TOKYO -- Himeji Castle, widely considered the finest surviving example of Japanese castle architecture, is about to get a little more friendly to guests from overseas. Management of the UNESCO World Heritage site and Japanese national treasure in Hyogo Prefecture will be handed over to travel agency Kinki Nippon Tourist, a company that knows a thing or two about what tourists want.
KNT Kansai, which handles the company's travel business in Japan's western region, landed a three-year contract to manage the historic castle starting in March.

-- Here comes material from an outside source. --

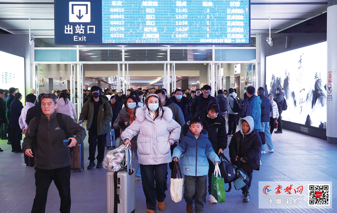 春运首日,高铁十堰东站返乡的旅客明显增多。

Measures will be taken to enhance the castle's appeal to foreign visitors, including deploying about 50 foreign-language-speaking staff members.
The centuries-old castle will also get a website.
Visits to Himeji Castle will feature more prominently in KNT's package tours.
The city of Himeji, which is home to the castle, has expanded the scope of the companies and organizations that it entrusts with managing the government-designated national treasure.
At present, Tokyo-based interior design company Nomura is performing that role.
According to KNT Kansai, it is rare for a major travel agency to be entrusted with the management of a castle.
The city expects the company to make full use of the know-how it has acquired through the travel business to extend hospitality to visitors and establish measures to attract them.
The current castle keep was built in 1609, during the early Edo period (1603-1867).
In 1993, the castle was registered as Japan's first world cultural heritage site by UNESCO, along with Horyuji temple in Nara Prefecture.
In March 2015, the castle reopened after five and a half years of major repair work. It is known as "white heron castle" because of its white exterior walls, but after the repair work turned the walls even more vivid white, it earned the moniker of "too white castle."
The number of visitors in fiscal 2015, immediately after the work was completed, tripled from the previous fiscal year to 2.86 million -- the largest number recorded that year at castles in Japan, having surpassed Osaka Castle's 2.33 million and Shurijo Castle's 1.87 million.
Attendance dropped to about 2.11 million in fiscal 2016, but the number of foreign visitors increased 19% to 365,000, a record.
The increase is partly attributable to the availability of brochures in 19 languages and the castle's status as "one of the world's famous castles that you must visit before you die" on travel information site TripAdvisor.
As a first step, KNT Kansai aims to "enhance visitor services by having about 50 staff members who are proficient in foreign languages inside the castle."